Brave CF 96 was a mixed martial arts event held by Brave Combat Federation on June 7, 2025, at the Hala Tivoli in Ljubljana, Slovenia.

===Background===
The event marked the promotion's fifth visit to Ljubljana and first since Brave CF 88 in September 2024. This event also held in association with leading regional promotion WFC.

A Brave CF Middleweight Championship bout between a current Brave CF Light Heavyweight Champion Erko Jun and former champion (also former Light Heavyweight Champion) Mohammad Fakhreddine headlined the event.

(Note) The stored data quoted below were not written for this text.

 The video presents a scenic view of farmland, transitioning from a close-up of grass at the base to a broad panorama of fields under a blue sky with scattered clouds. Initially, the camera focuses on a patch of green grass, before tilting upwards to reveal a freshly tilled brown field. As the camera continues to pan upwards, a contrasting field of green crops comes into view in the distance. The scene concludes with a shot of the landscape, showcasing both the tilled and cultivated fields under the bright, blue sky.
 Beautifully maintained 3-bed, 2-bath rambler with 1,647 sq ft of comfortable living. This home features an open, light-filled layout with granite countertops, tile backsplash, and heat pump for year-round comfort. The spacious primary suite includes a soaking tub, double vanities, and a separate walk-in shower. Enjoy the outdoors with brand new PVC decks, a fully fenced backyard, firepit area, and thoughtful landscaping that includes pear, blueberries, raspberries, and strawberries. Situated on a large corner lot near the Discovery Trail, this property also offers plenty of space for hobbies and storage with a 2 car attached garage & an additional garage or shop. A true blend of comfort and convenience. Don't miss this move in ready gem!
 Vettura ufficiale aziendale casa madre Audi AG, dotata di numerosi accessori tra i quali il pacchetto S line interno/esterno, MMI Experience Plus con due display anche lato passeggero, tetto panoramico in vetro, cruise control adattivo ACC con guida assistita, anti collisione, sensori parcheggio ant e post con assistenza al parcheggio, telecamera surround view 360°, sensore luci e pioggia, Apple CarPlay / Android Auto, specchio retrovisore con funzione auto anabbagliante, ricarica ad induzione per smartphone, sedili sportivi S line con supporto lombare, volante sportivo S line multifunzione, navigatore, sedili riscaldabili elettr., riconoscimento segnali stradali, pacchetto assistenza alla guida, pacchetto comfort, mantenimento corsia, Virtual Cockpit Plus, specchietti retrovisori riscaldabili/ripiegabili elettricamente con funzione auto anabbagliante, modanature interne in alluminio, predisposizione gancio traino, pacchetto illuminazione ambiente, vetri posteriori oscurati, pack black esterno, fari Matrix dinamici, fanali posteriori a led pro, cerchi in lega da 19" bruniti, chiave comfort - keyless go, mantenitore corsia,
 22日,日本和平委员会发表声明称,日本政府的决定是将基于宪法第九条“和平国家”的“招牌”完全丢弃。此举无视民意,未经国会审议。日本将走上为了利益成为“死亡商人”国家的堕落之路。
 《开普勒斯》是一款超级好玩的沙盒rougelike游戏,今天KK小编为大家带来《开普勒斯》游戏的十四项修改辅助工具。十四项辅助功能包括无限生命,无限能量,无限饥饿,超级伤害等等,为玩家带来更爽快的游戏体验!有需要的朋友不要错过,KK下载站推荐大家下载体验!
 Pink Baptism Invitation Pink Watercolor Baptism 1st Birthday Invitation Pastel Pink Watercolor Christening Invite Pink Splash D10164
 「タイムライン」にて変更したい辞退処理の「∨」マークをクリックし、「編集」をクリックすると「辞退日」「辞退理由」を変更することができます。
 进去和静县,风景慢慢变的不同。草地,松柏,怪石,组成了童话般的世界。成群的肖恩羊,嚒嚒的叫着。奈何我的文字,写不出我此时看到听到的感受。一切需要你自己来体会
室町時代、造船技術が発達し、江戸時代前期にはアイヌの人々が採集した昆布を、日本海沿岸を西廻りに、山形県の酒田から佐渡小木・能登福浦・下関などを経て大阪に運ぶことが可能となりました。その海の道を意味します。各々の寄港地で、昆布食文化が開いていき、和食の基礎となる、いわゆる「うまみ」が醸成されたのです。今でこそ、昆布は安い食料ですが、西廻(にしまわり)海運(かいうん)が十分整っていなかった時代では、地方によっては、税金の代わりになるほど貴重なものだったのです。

A Brave CF Bantamweight Championship bout between current champion Nicholas Hwende and Borislav Nikolić served as co-main event.

===Results===

Main card (YouTube)
| Weight Class |  |  |  | Method | Round | Time | Notes |
| Light Heavyweight 93 kg | LBN Mohammad Fakhreddine | def. | BIH Erko Jun (c) | KO (punch) | 1 | 4:43 | For the Brave CF Middleweight Championship. |
| Bantamweight 61 kg | SRB Borislav Nikolić | def. | ZIM Nicholas Hwende (c) | Technical Submission (ninja choke) | 4 | 1:42 | For the Brave CF Bantamweight Championship. |
| Heavyweight 120 kg | SLO Miha Frlić | def. | BAN Shah Kamali | TKO (punches) | 3 | 0:27 |  |
| Women's Strawweight 52 kg | SLO Monika Kučinič | def. | GEO Sofiia Bagishvili | TKO (body kick and punches) | 2 | 4:54 |  |
| Flyweight 57 kg | BRA Marciano Ferreira | def. | GEO Bidzina Gavashelishvili | Decision (unanimous) | 3 | 5:00 |  |
| Catchweight 77 kg | POL Arkadiusz Pałkowski | def. | SLO Jan Berus | TKO (punches) | 2 | 2:26 |  |
| Super Lightweight 75 kg | EST Kristjan Toniste | def. | CRO David Forster | Decision (unanimous) | 3 | 5:00 |  |
| Lightweight 70 kg | SLO Domen Drnovsek | def. | SER Filip Guša | Decision (unanimous) | 3 | 5:00 |  |
Amateur bouts
| Welterweight 77 kg | SLO Kirill Negru | def. | SVK Robert Guth | Decision (unanimous) | 3 | 5:00 |  |

== Brave CF 97 ==

Brave CF 97 was a mixed martial arts event held by Brave Combat Federation on July 12, 2025 in Burgas, Bulgaria.

===Background===
The event marked the promotion's second visit to Bulgaria and first since the country's much anticipated debut at Brave CF 86 in August 2024. This event also held in association with leading regional promotion Bulgarian Fight Agency.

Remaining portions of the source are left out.